‘Ndrangheta, scatta l’operazione “Libeccio”: coinvolto anche il carcere di Cassino. 19 arresti

Operazione tra Calabria e diverse strutture penitenziarie italiane. Nel mirino le cosche Arena, Manfredi e Nicoscia di Isola Capo Rizzuto

C’è anche il carcere di Cassino tra le strutture penitenziarie interessate dall’operazione antimafia “Libeccio”, scattata nelle prime ore della mattinata su disposizione della Direzione Distrettuale Antimafia di Catanzaro. Il blitz ha portato all’esecuzione di 19 misure cautelari, di cui 18 in carcere e una agli arresti domiciliari, nei confronti di altrettanti indagati.

L’attività è stata condotta dai Carabinieri del Nucleo Investigativo del Reparto Operativo del Comando Provinciale di Crotone, con il supporto del Reparto Anticrimine di Catanzaro del Raggruppamento Operativo Speciale, della Sezione Operativa del Nucleo Operativo e Radiomobile della Compagnia di Crotone e dei Comandi Provinciali di Cosenza e Catanzaro. Impiegati anche il Nucleo Cinofili, l’8° Nucleo Elicotteri e lo Squadrone Eliportato “Cacciatori” di Vibo Valentia.

Le misure sono state eseguite tra Crotone e Isola di Capo Rizzuto, ma anche all’interno delle case circondariali di Tolmezzo, Spoleto, Cassino, Napoli Secondigliano e Catanzaro Siano, dove alcuni degli indagati risultavano già detenuti per altre cause. Contestualmente sono stati notificati 19 decreti di perquisizione e le relative informative di garanzia.

Le accuse e l’inchiesta

Le accuse, a vario titolo, vanno dall’associazione di tipo mafioso all’estorsione, dalla rapina impropria all’accesso indebito a dispositivi di comunicazione da parte di detenuti, fino ai reati in materia di sostanze stupefacenti anche in forma associativa, aggravati dal metodo e dalle finalità mafiose.

L’inchiesta, sviluppata tra gennaio 2024 e luglio 2025 attraverso attività di osservazione, pedinamenti, intercettazioni telefoniche e ambientali e l’utilizzo di captatori informatici, si è avvalsa anche delle dichiarazioni di undici collaboratori di giustizia. Gli esiti investigativi si inseriscono nel solco delle precedenti operazioni “Blizzard – Folgore” e “Black Flower”, già eseguite nei confronti di appartenenti alle cosche della ’Ndrangheta di Isola di Capo Rizzuto.

Secondo gli inquirenti, l’indagine avrebbe fatto luce sulle dinamiche interne della consorteria conosciuta come Locale di Isola di Capo Rizzuto, in particolare delle cosche Arena, Manfredi e Nicoscia, evidenziandone la capacità di riorganizzarsi e mantenere operatività nonostante i colpi subiti nel 2025 e all’inizio dell’anno in corso.

Sarebbero stati documentati gli attuali assetti organizzativi, composti da elementi ritenuti “veterani” e da nuove leve, che avrebbero potuto contare anche sul supporto di familiari e conviventi di soggetti già detenuti, coinvolti in precedenti operazioni.

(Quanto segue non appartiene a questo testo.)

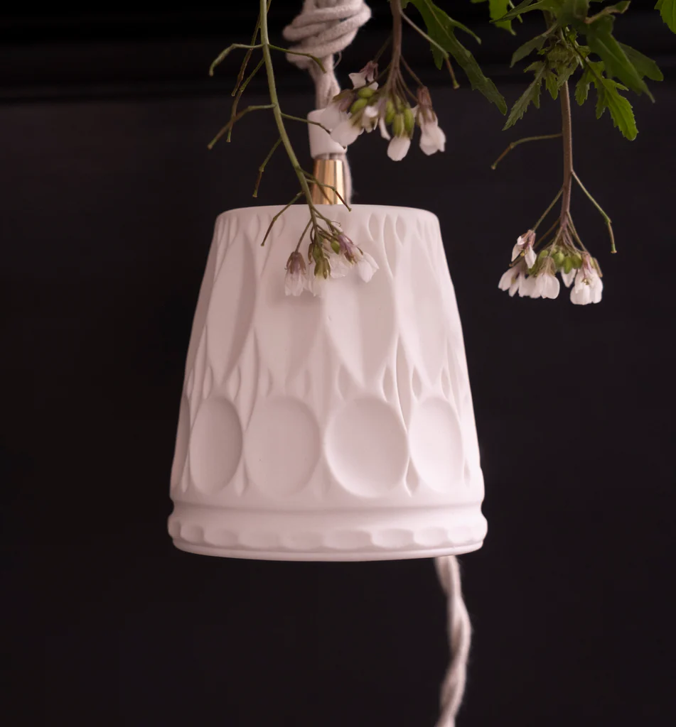 Une fois la lampe allumée, la porcelaine révèle sa translucidité et diffuse une chaleureuse lumière.

Le estorsioni e la “bacinella” comune

Tra gli episodi contestati figurano cinque estorsioni aggravate dal metodo mafioso ai danni di un noto circo itinerante presente a Isola di Capo Rizzuto nel giugno 2024, di un panificio, di un supermercato affiliato a una nota catena internazionale, di un’impresa edile locale e di un’azienda della provincia di Messina che forniva mezzi a noleggio a una società attiva nel territorio isolitano nel settore degli impianti elettrici. In quest’ultimo caso, sarebbero stati danneggiati diversi veicoli per un danno stimato in circa 500mila euro.

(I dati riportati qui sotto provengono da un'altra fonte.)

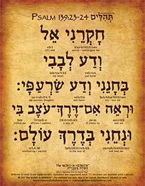 Psalm 139:23-24 in Hebrew - "Search me O' God..." - Print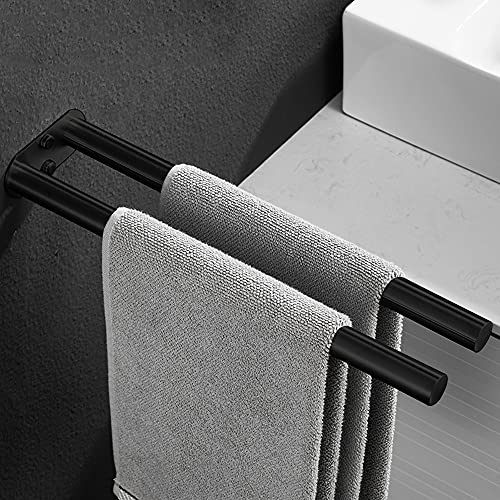 Athyior Porta Asciugamani Bagno da Parete Acciaio Inox - 40 cm Bagno Porta Salviette nero opaco per Bagno Lavello Gabinetto Cucina (doppio braccio)

Le indagini avrebbero inoltre accertato l’esistenza di una “bacinella”, una cassa comune destinata a sostenere economicamente le famiglie dei detenuti e a coprire le spese legali, alimentata dal traffico di hashish ed eroina.

L’approvvigionamento, secondo quanto ricostruito, sarebbe avvenuto tramite canali napoletani, reggini e albanesi, con ramificazioni fino alla periferia milanese. In questo contesto si inserisce anche il sequestro di oltre un chilo di eroina effettuato l’8 ottobre 2024 dai Carabinieri della Compagnia di Scandicci, su richiesta degli investigatori.

Il procedimento penale si trova nella fase delle indagini preliminari. Come previsto dalla legge, i provvedimenti adottati non implicano alcuna responsabilità definitiva per gli indagati, che devono considerarsi non colpevoli fino a eventuale sentenza irrevocabile di condanna.